ゴングが鳴ると、両者が探り合いをし、終盤にニールセンの左ストレートが前田の顔面を捉えた。お見事とも言えるパンチであり、以後、前田は記憶をなくしたようで、試合経過をしっかり覚えていないらしい。けれどもラウンドが進むにつれ、前田がニールセンを倒す場面が増えて行った。

5Rに入り、終了の約30秒前に、前田がニールセンの蹴りをキャッチすると、そのままニールセンを倒し、逆片エビ固めを決め、ギブアップ勝ちを奪った。リング中央で両手を上げる前田の姿が印象的な試合でもあった。

最後にアンドレ・ザ・ジャイアント戦である。1986年4月に津市体育館で行われ、佐山戦と同様、曰く付きの試合でもある。セメントマッチとも言われ、アンドレが「仕掛けた」との話があり、前田が身の危険を感じたようだ。

ゴングが鳴ると、通常のプロレスのようであったが、前田が足を取りアンドレを倒したが、アンドレの大きな手の平が前田の顔面を覆い、目潰しのような攻撃をした。前田がロープブレイクをし、両者が再び睨み合ったが、いつもとは違う蹴りを前田が放った。

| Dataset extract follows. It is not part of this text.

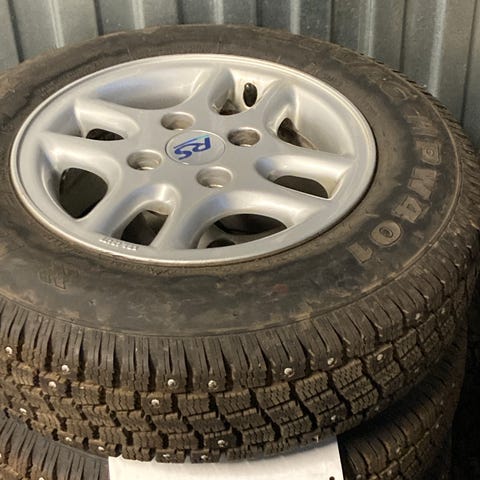 2st 4/100 Nav 52,1 13” plåtfälgar, dubbfria / åretruntdäck 175 70 R13 6mm mönster, passar bl.a. Volvo 340/ 440 Pris. 400kr

空手等では禁止されている「皿割り」である。膝頭付近にパチ~ンと響き渡るような鋭い蹴りが放たれ、会場の雰囲気が一遍に変わった。以後、両者が終始睨み合いを続け、アントニオ猪木が仲裁に入るような形でリングへ入り、結局26分35秒にゴングが打ち鳴らされ、無効試合となった。

試合のほとんどが睨み合いであったため、テレビで放映されず、長い間DVD等で発売されることもなかった。しかし伝説のセメントマッチとして、プロレスファンの間でも語り継がれている試合でもある。

前田日明が果たした役割とは?

前田日明が果たした役割は、UWFと機を一にしているだろう。すなわち総合格闘技の形をプロレスのリング上で表現し、関節技等の地味なものを広く大衆に知らしめたことだ。UWF解散後、PRIDEが登場し人気を博すが、これはなによりUWFの下地があったからこそだろう。

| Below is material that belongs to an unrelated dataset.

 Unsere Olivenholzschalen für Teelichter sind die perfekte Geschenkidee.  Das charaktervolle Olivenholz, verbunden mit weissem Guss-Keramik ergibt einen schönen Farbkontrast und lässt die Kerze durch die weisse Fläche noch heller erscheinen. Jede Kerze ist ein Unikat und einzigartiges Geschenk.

また前田日明というと、ケンカマッチのイメージもある。伝説的なセメントマッチがいくつかあり、上記で取り上げたスーパータイガーやアンドレ・ザ・ジャイアント戦が代表的であろう。アントニオ猪木も戦いの怖さを表現したが、前田もまた同様であったかもしれない。

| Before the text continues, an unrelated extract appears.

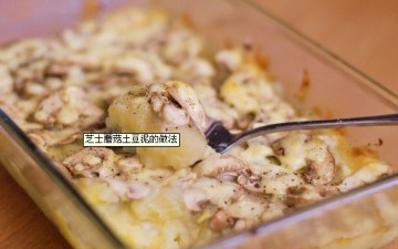 五、土豆泥倒入浅盘里,表面刮平,铺上蘑菇片。

「燃える闘魂」を最も受け継いでいるのは自分とも、前田はインタビューで述べている。もしかすると、前田こそ猪木の言葉をそのまま信じ込み、実践して来たのかもしれない。

「いつ何時誰の挑戦でも受ける」

彼がセメントマッチを仕掛けたり受け入れたりしたのも、この言葉が身に付いていたからであろう。